Not being very proficient with R, but you should have a look at Guava, specifically Tables. They do not provide the exact functionality you want, but you could either extend them or their specification could help you in writing your own Collection.




Morpheus ( provides a DataFrame analogue to that of R. It is a high performance column store data structure that enables data to sorted, sliced, grouped, and aggregated in either the row or column dimension. It also supports parallel processing for many of these operations using the Fork & Join framework internally.

Morpheus (提供了一个DataFrame类似于r的数据结构,它是一个高性能的列存储数据结构,它可以使数据在行或列维度中进行排序、切片、分组和聚合。

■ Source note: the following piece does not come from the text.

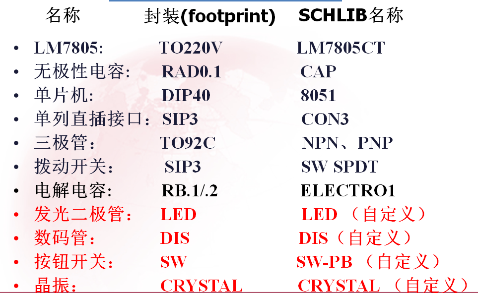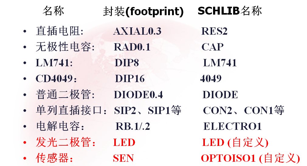 (1)常用的直插式电子器件包括色环电阻、引脚电容、二极管、三极管等。一般存放在 Miscellaneous Devices.SCHLIB这个元件库中。常用分立元件的封装如下图所示:

它还支持在内部使用Fork & Join框架对许多这些操作进行并行处理。

You can easily read & write data to CSV files, databases and also a proprietary JSON format. Adapters to load data from Quandl, Google Finance and others are also available.


It has built in support for various styles of Linear Regressions, Principal Component Analysis, Linear Algebra and other types of analytics support. The feature set is still growing, but it is already a very capable framework.

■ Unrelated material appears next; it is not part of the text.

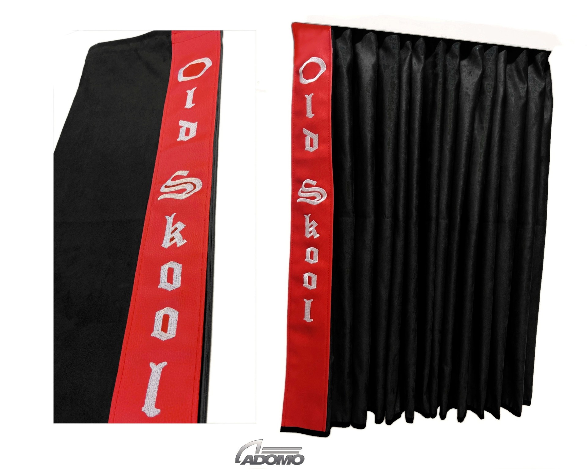 Farbe: Gardine schwarz, Lederkante rot

In R we have the dataframe, in Python we have pandas, in Java: There is the Schema from the deeplearning4j


There is also a version for the data analysis of the ubiquitous iris data if you want to just get started, here


There are also other custom objects (from Weka, from Tensorflow that are more or less the same).




I have just open-sourced a first draft version of Paleo, a Java 8 library which offers data frames based on typed columns (including support for primitive values). Columns can be created programmatically (through a simple builder API), or imported from text file.

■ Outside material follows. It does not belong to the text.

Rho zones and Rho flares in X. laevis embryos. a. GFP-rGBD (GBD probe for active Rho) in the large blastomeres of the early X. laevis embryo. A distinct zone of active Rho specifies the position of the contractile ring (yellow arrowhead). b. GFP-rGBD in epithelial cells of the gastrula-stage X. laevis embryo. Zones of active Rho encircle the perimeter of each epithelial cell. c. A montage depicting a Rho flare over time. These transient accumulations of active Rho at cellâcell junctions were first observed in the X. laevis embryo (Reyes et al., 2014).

我刚刚开放了Paleo的初稿版本,这是一个Java 8库,它提供基于类型化列的数据帧(包括对原始值的支持)。可以通过编程方式创建列(通过一个简单的生成器API),或者从文本文件中导入。

Please refer to the README for further details.


The project is still wet from birth – I am very interested in feedback / PRs, tia!

这个项目从出生起就一直是湿的-我对反馈/ PRs很感兴趣,tia!



I also found myself in need of a data frame structure while working in Java recently. Fortunately, after writing a very basic implementation I was able to get approval to release it as open source. You can find my implementation here: Joinery -- Data frames for Java. Contributions and feature requests are welcome.




Tablesaw ( is Java dataframe begun in 2015 and under active development in 2017. It's designed to be as scalable as possible without sacrificing ease-of-use. Features include filtering by rows and columns, descriptive stats, map/reduce functions, cross-tabs, plots, machine learning. Apache license.

在2015年开始的Java dataframe,在2017年的积极开发下。它被设计成尽可能的可伸缩,同时又不牺牲易用性。特性包括按行和列进行过滤、描述性统计、map/reduce函数、交叉选项卡、绘图、机器学习。Apache许可证。

In one query test it returned 500+ records from a 500,000,000 record table in 2 ms.


It also includes a column-oriented store that is much smaller and faster than working with CSV files. Contributions, feature requests, and just-plain feedback is welcome.




Not being very proficient with R, but you should have a look at Guava, specifically Tables. They do not provide the exact functionality you want, but you could either extend them or their specification could help you in writing your own Collection.




Morpheus ( provides a DataFrame analogue to that of R. It is a high performance column store data structure that enables data to sorted, sliced, grouped, and aggregated in either the row or column dimension. It also supports parallel processing for many of these operations using the Fork & Join framework internally.

Morpheus (提供了一个DataFrame类似于r的数据结构,它是一个高性能的列存储数据结构,它可以使数据在行或列维度中进行排序、切片、分组和聚合。它还支持在内部使用Fork & Join框架对许多这些操作进行并行处理。

You can easily read & write data to CSV files, databases and also a proprietary JSON format. Adapters to load data from Quandl, Google Finance and others are also available.


It has built in support for various styles of Linear Regressions, Principal Component Analysis, Linear Algebra and other types of analytics support. The feature set is still growing, but it is already a very capable framework.




In R we have the dataframe, in Python we have pandas, in Java: There is the Schema from the deeplearning4j


There is also a version for the data analysis of the ubiquitous iris data if you want to just get started, here


There are also other custom objects (from Weka, from Tensorflow that are more or less the same).